L'évangéliste nous redit aussi avec précision l'intention de Dieu, le fils unique n'est pas venu pour condamner mais pour sauver ! Et son caractère unique, il nous le transmet à tous. À l'époque de la rédaction de ces textes les oppositions étaient fortes entre ceux qui pensaient qu'il faut appartenir au clan des purs pour être sauvé et les autres n'ont que peu de chances. Jésus est présenté alors, dans certains milieux, comme un faux prophète, c'est le cas notamment de la tradition d'Israël. Mais ici l'évangéliste rappelle aux siens que leur foi n'est pas vaine. Certes, il y a derrière l'affirmation « celui quine croit pas est déjà condamné » une radicalité que l'on doit nuancer, seul l'Éternel regarde au cœur. Mais ici l'opposition fait rage.

Au-delà de ce débat sur « croire ou ne pas croire au Fils », c'est tout le thème de l'acceptation de la lumière de Dieu dans nos vies qui est en cause. Le Fils ici incarne la lumière de Dieu, le logos, sa parole véritable ; le rejeter, pour les disciples de Jean, c'est se couper de la vérité de toutes choses. Au delà de la dualité apparente, ce texte dit bien quelque chose de notre humanité.

Vivre dans la lumière, selon la bible, c'est rechercher la présence de Dieu. C'est aussi rechercher sa faveur. L'évangile de Jean insistera souvent sur notre volonté de ne pas accepter la lumière de Dieu.
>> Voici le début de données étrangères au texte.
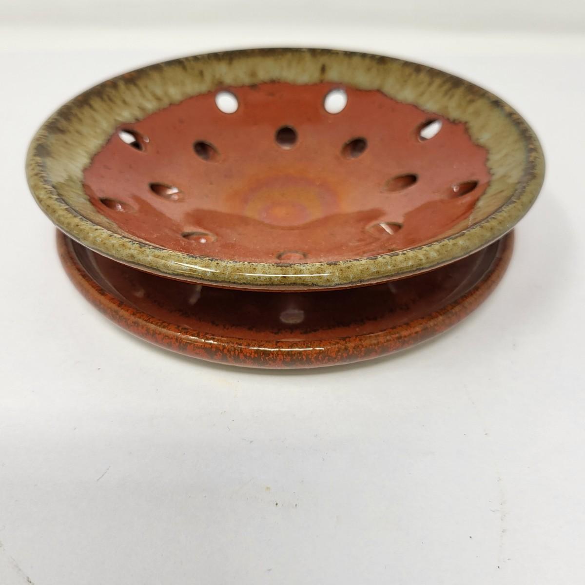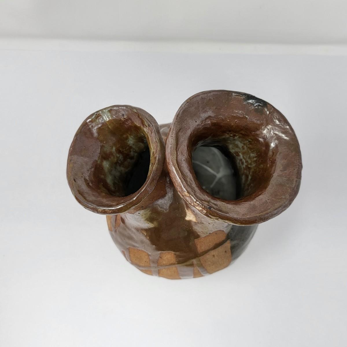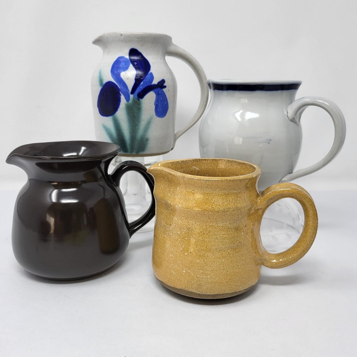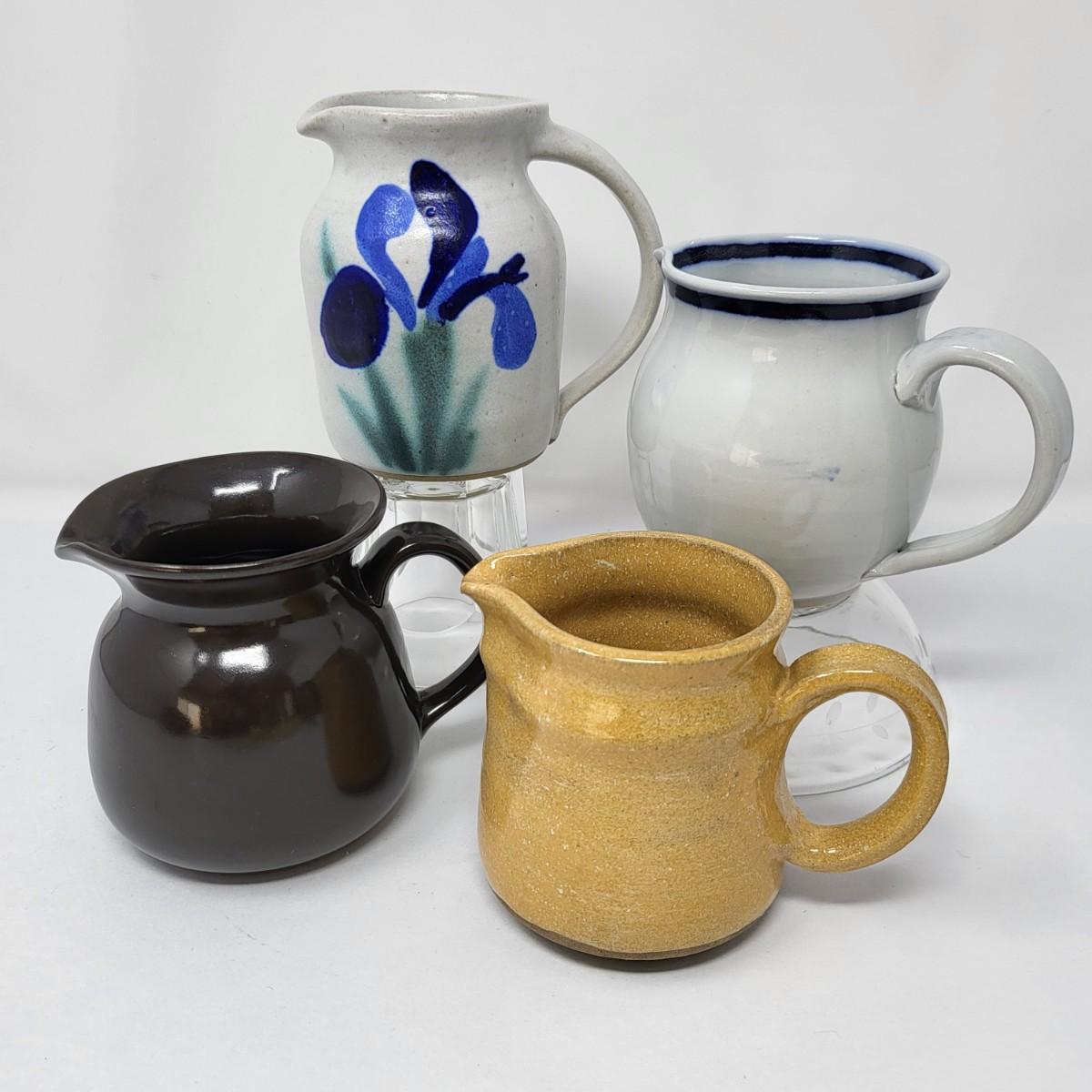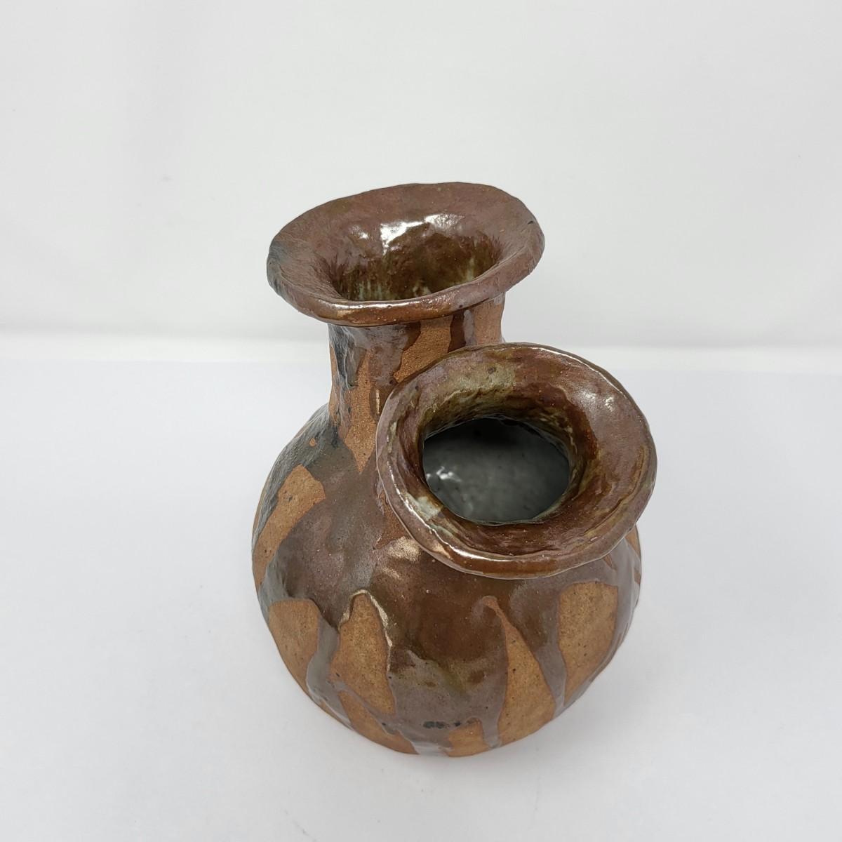 Double vase/jug drip glaze 7" x 6.5". Small round lidded box 2.5" x 1.5". Perforated dish 5.5" diameter. A 6" glazed bowl with heart shape pattern. Four pottery creamer/pitchers ranging in size from 3" tall to 4.75" tall.

Et effectivement il n'est pas facile d'accepter que Dieu jette son regard de lumière sur nos vies.

·         La lumière de Dieu c'est 1a certitude que rien ne lui échappe, nos calculs, nos arrangements en coulisses, ce que l'on croit pouvoir tenir secret et que l'on développe contre un autre et à son insu en pensant qu'il n'en sait rien.

·     La lumière de Dieu c'est l'acceptation d'un face à face dans lequel il faut renoncer à l'orgueil et reconnaître que souvent nous avons tort et que nous sommes obstinés dans des voies qui nous ont détournés de notre vraie nature.

·         La lumière de l'évangile c'est un regard nouveau sur la vie, sur la vie politique, c'est la fin de la langue de bois, des discours arrangés pour sauver l'apparence, il en existe malheureusement aussi dans l'Église !

·         C'est accepter de peser nos actes et nos pensées devant celui avec lequel on ne peut tricher.

Certes le récit comporte quelques phrases bien nettes qui laissent entendre que celui qui n'accepte pas la lumière et le don du Fils est déjà jugé et condamné. Il ne faut pas perdre de vue que lorsque cela fut écrit, Israël et l'Église étaient en rupture. Les maîtres de la loi accusent les chrétiens de se séparer de la tradition.

Mais si nous allons plus loin, vous remarquerez que ce récit insiste sur le fait que ce n'est pas Dieu qui juge, mais c'est le refus d'accepter la lumière qui provoque le jugement. Pour Jean, il est évident que tous les hommes sont imparfaits, mais il n'y a qu'une seule chose qui soit dramatique c'est l'incrédulité. Ne pas croire en Dieu, oui mais aussi ne pas croire en l'homme, ne pas croire que la parole peut changer la vie.

Souvent, dans les récits bibliques, ce sont les conséquences des actes des humains et non l'intervention de Dieu qui provoquent le mal et le jugement. Dans la tradition des prophètes, Dieu ne cesse de rappeler que sa parole est une parole qui sauve et qui ouvre à la vie en plénitude.

Pour l'Évangile de Jean, il est évident que celui qui écoute et veut vivre des paroles de Jésus est entré dans la lumière. Mais celle-ci n'est pas qu'extérieure. Il importe qu'elle vienne modifier notre manière de penser. L'apôtre Paul lui-même, appelait déjà les Romains à se revêtir des armes de lumière et à se séparer des œuvres des ténèbres.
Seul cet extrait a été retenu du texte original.